Это не то же самое.
Рам требует от меня, чтобы я помог ему во лжи. Ни секунды не сомневается, что я это сделаю. Он всемогущ. Властелин над жизнью и смертью.
Я не хочу умирать.
— Есть вещи похуже презрения, — сказала Ольга. — Может быть, — сказала она, — война кончится раньше. — Она действительно так думает или хочет приоткрыть мне дверку, через которую я ускользну и смогу спастись?
Не важно.
Это всего лишь кино. Фильм-репортаж. Без всяких диалогов. Без игровых сцен. Лишь показать то, что есть.
Лишь показать то, чего нет.
Сидеть в аду и рассказывать о рае.
Я этого не могу. Не хочу. Мне нельзя.
Я отвечу Раму, что отказываюсь.
Я отвечу Раму, что сниму фильм.
Я не хочу, чтобы меня загнали в этот поезд как скотину. 8 лошадей или 40 человек. Я боюсь.
СС, как я слышал, должна выкупать у железной дороги билеты для депортации. Получают ли они групповую скидку?
Я не хочу в этот поезд. Я сделаю все, чтобы не попасть в этот поезд.
Мы едем на поезде, кто с нами в путь?
Хотел бы я быть у дедушки. Быть мертвым, как он.
Но тогда мне придется увидеть в небесной картинной галерее свой портрет. Курта Геррона, каким я мог бы стать. Это будет ужасно.
Но если меня потом укоризненный голос спросит: „Что ты сделал со своей жизнью, Геррон?“ — мне не понадобится дневник, чтобы вспомнить. Только расписание поездов. Все, что было решающим для моей судьбы, было связано с поездкой по железной дороге. Может, потому столь многие анекдоты начинаются словами: „Встречаются два еврея в поезде“.

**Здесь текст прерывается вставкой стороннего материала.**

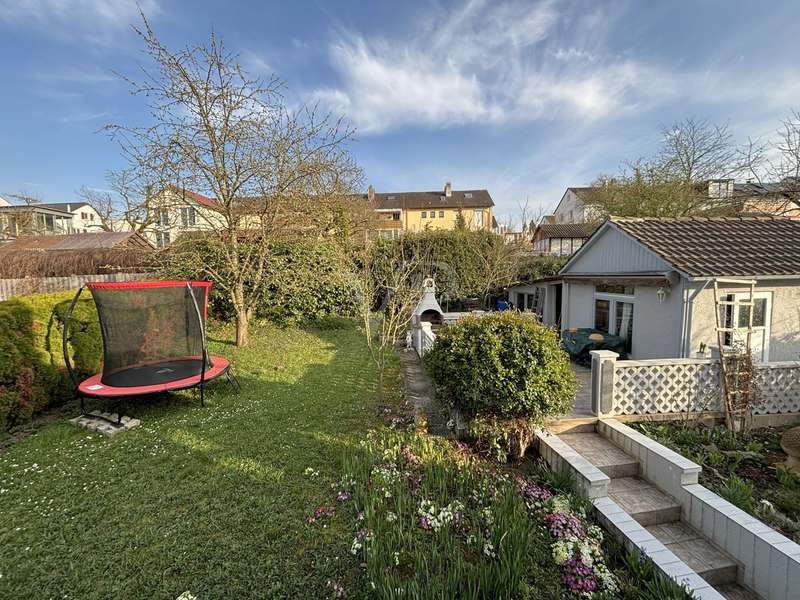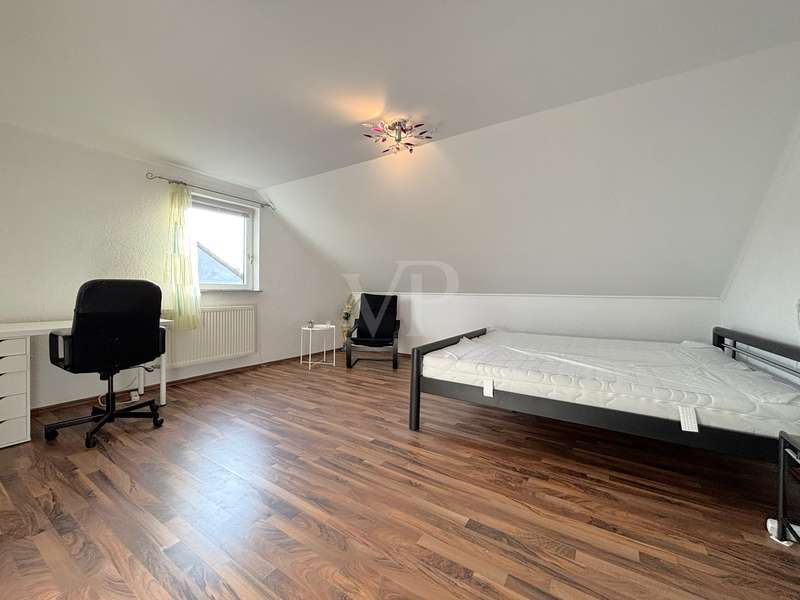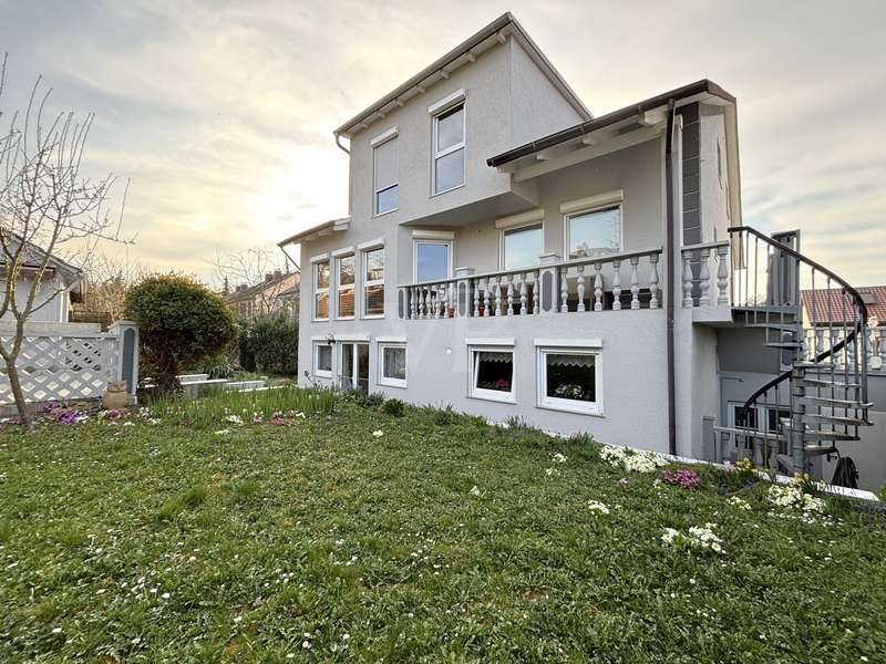 This spacious two-family house with a living space of approx. 273 m² is located on a plot of approx. 625 m² and offers enough space for large families or two households. Originally built in 1958, the property has been continuously maintained and modernized so that it presents itself in a very good and contemporary condition. The last comprehensive modernization took place in 2021. Due to the modern extension in 2002, during which an extension and the renewal of the roof including insulation, the facade and the entire water and electrical installation were carried out, the year of construction also corresponds to 2002 according to the energy certificate. The equipment of the house includes central heating, which was already renewed in 1997, and numerous windows from 2021. The property has a total of 7 bedrooms and 3 daylight bathrooms. The first floor apartment consists of 3.5 rooms with approx. 103 m² of living space. Here you will find a spacious living and dining area with a large adjoining kitchen and direct access to the garden. The spacious south-facing garden offers plenty of room and will become your favorite spot thanks to the beautiful terrace with barbecue area and garden shed - an ideal place for sociable evenings outdoors. The hallway takes you one floor up to the second apartment. The maisonette consists of 6.5 rooms with approx. 170 m² of living space. The open-plan living and dining area is flooded with light thanks to the large window fronts and, together with the high ceilings, creates a wonderful sense of space. From here you can access the balcony and the large roof terrace. The property also has a garage and two parking spaces, providing ample parking space. The quiet location of the house is surrounded by a good neighborhood. For potential buyers looking for a spacious and modernized property, this two-family home offers numerous advantages. The combination of ample space, contemporary features and a beautiful garden make this property an attractive choice. Don't hesitate to arrange a viewing and see the advantages of this house for yourself.

Узкоколейка в Кришт, которая могла так замечательно громко свистеть, увозя меня из моего детского рая в реальный мир. Военный эшелон из Ютербога во Фландрию, в котором мы ободряли друг друга героическими историями, поедая сухие пайки от наших родителей. „Военный поход — это тебе не скорый поезд“. Где я впервые услышал эту поговорку? Скорый поезд, в котором мы покидали Германию, в купе первого класса. Все поезда, которыми мы ездили по Европе в поисках места, где можно остаться и делать что-то полезное. Где человеку можно кем-то быть. В воспоминаниях я уже не могу отличить один от другого; мне кажется, что мы вечно были в пути и каждые два часа была какая-нибудь граница. Амстердам — Вестерборк, эта по-голландски чистая игрушечная железная дорога с настоящим проводником, который шел по вагонам, корректно и вежливо здороваясь, хотя не должен был проверять билеты. Следующий поезд, который так бесконечно медленно вползал на Бульвар Бедности, где мы все, включенные в списки, затаив дыхание ждали, что за вагон это будет. Ибо не все поезда на Освенцим были подписаны. Хотя государственная железная дорога — во всем должен быть порядок — заказала изготовить собственные таблички. ВЕСТЕРБОРК — ОСВЕНЦИМ, ОСВЕНЦИМ — ВЕСТЕРБОРК. С пометкой: „Вагоны не отцеплять. Поезд должен вернуться в Вестерборк закрытым“. Но всегда поездов было больше, больше, чем у них припасено табличек, и можно быть успокоиться лишь тогда, когда в вагонах были настоящие сиденья. Даже самый дешевый жесткий вагон означал, что маршрут не в Освенцим и не в Собибор, а в Терезин. А Терезин, так ловко нами манипулировали, был для нас Землей обетованной, местом убежища, куда допускались лишь немногие избранные. Остров блаженных.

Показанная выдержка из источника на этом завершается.